As British journalist Dean Baker explained in the Guardian, the stronger patent rules establish “a government-granted monopoly, often as long as 14 years, that prohibits generic competitors from entering a market based on another company’s test results that show a drug to be safe and effective.”
These laws are actually “the opposite of free trade,” since they “involve increased government intervention in the market” and “restrict competition and lead to higher prices for consumers,” he added.
Several congressmen, including Sen. Bernard Sanders and Reps Henry Waxman, Sander M. Levin, John Conyers, Jim McDermott, John Lewis, Pete Stark, Charles B. Rangel and Lloyd Doggett have expressed concerns about the effect the TPP requirements would have on access to affordable medicine in the developing world.
Generic drug manufacturers in countries like Vietnam and Malaysia would suffer. So would sales of larger generic makers in the U.S., Canada and Australia, which provide much of the global low-cost drug supply.
As Waxman noted, “In many parts of the world, access to generic drugs means the difference between life and death.”
According to a spokesperson for Doctors Without Borders, “Bush was better than Obama on this.”
Cloaked in secrecy
In May, a group of 30 law professors called on Kirk to reverse the “dialing back” of stakeholder participation and make negotiating texts public.
They claimed that the negotiations excluded interested parties such as “consumers, libraries, students, health advocacy or patient groups, or others users of intellectual property” and that it only offered “minimal representation of other affected businesses, such as generic drug manufacturers or Internet service providers.”
Kirk initially responded that he was “strongly offended by the assertion that our process has been non-transparent and lacked public participation” and that it was actually far more transparent than the negotiations for previous free trade agreements.
The group responded that free-trade agreement negotiations, notorious for their secrecy, are “the wrong standard for assessing the legitimacy of the TPP negotiations.”
It also accused Kirk of sidestepping the issue of transparency, and pointed out that transparency is less about the degree of public input, and more about “the flow of information the other way — information about the workings of government being visible to the people it is supposed to represent.”
On May 23, Sen. Ron Wyden introduced legislation that would require the Office of the U.S. Trade Representative (USTR) to disclose its TPP documents to all members of Congress.

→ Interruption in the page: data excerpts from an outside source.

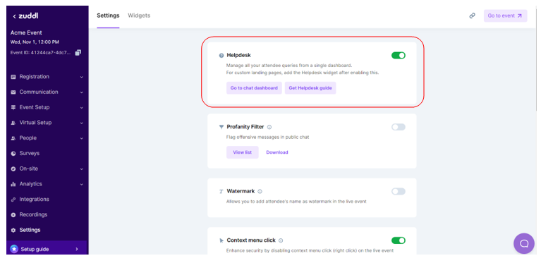 In Zuddl, we’ve named this feature as Helpdesk. To enable the Helpdesk for your event: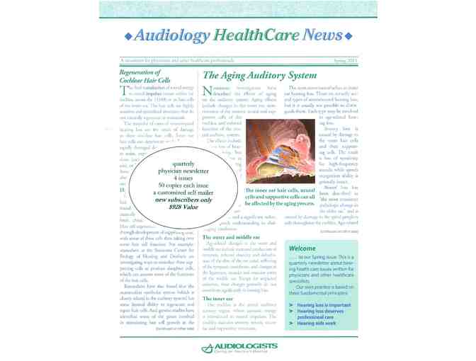 Receive 50 copies of 4 issues of the Audiology HealthCare News Physician Newsletter from Hearing HealthCare News! Mail your customized copies to all your local family, physicians, internists, pediatricians, etc..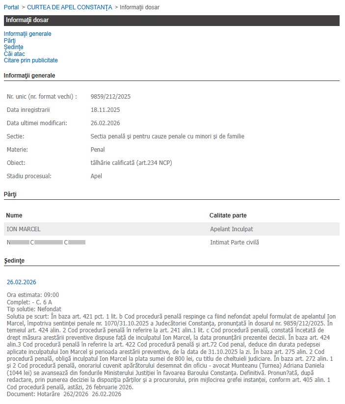 Surse de documentare: Portalul Instanțelor de Judecată și Rejust.ro

He said the bill clarifies the intent of a 2002 legislation that was supposed to increase Congressional access to information about what the USTR is doing but which is being incorrectly interpreted by the agency as justification to limit such access.
Meanwhile, a 15th round of negotiations is scheduled to take place Dec. 3-11 in Auckland.
Congress must still vote to approve it but would most likely have to do so under a “Fast Track” provision that prohibits any amendments and limits debate.